Task instructions
For this exercise, reproduce the entries below exactly, but only from the line containing "We hunted for" through the line containing "Grenouillère pour poupée", both included.

Exercise input
#####
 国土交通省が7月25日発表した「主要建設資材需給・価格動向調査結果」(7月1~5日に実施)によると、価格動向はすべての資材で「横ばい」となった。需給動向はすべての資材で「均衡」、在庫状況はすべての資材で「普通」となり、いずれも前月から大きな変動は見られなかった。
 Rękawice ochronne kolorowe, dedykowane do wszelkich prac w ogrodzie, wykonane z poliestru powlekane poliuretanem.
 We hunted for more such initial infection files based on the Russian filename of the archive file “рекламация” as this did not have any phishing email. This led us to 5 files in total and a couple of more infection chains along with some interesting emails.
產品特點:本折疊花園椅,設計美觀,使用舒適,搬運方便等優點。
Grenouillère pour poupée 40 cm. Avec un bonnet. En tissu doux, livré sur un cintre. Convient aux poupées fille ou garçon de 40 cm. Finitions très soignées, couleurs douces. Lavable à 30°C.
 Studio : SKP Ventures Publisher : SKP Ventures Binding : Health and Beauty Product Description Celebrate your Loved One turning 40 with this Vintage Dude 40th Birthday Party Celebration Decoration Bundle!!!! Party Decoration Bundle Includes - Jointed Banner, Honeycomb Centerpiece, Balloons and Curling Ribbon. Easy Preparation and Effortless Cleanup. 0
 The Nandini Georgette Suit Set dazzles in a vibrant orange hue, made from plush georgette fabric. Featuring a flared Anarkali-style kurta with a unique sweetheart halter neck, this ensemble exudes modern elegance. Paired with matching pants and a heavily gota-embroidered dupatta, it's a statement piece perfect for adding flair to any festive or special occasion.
#####
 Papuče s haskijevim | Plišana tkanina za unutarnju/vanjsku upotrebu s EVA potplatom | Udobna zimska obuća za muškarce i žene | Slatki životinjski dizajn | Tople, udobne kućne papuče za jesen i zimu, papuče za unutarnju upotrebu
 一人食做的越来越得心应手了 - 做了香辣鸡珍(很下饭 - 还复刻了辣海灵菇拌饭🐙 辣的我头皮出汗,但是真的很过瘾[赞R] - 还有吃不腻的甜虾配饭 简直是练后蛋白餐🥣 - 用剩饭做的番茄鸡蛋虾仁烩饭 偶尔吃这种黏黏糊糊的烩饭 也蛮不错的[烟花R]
#####
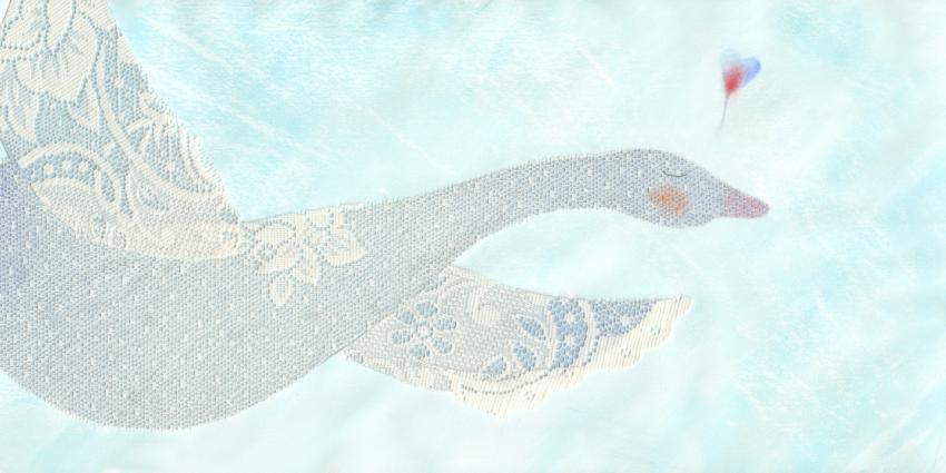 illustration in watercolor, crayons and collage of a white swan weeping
#####
Solution
 We hunted for more such initial infection files based on the Russian filename of the archive file “рекламация” as this did not have any phishing email. This led us to 5 files in total and a couple of more infection chains along with some interesting emails.
產品特點:本折疊花園椅,設計美觀,使用舒適,搬運方便等優點。
Grenouillère pour poupée 40 cm. Avec un bonnet. En tissu doux, livré sur un cintre. Convient aux poupées fille ou garçon de 40 cm. Finitions très soignées, couleurs douces. Lavable à 30°C.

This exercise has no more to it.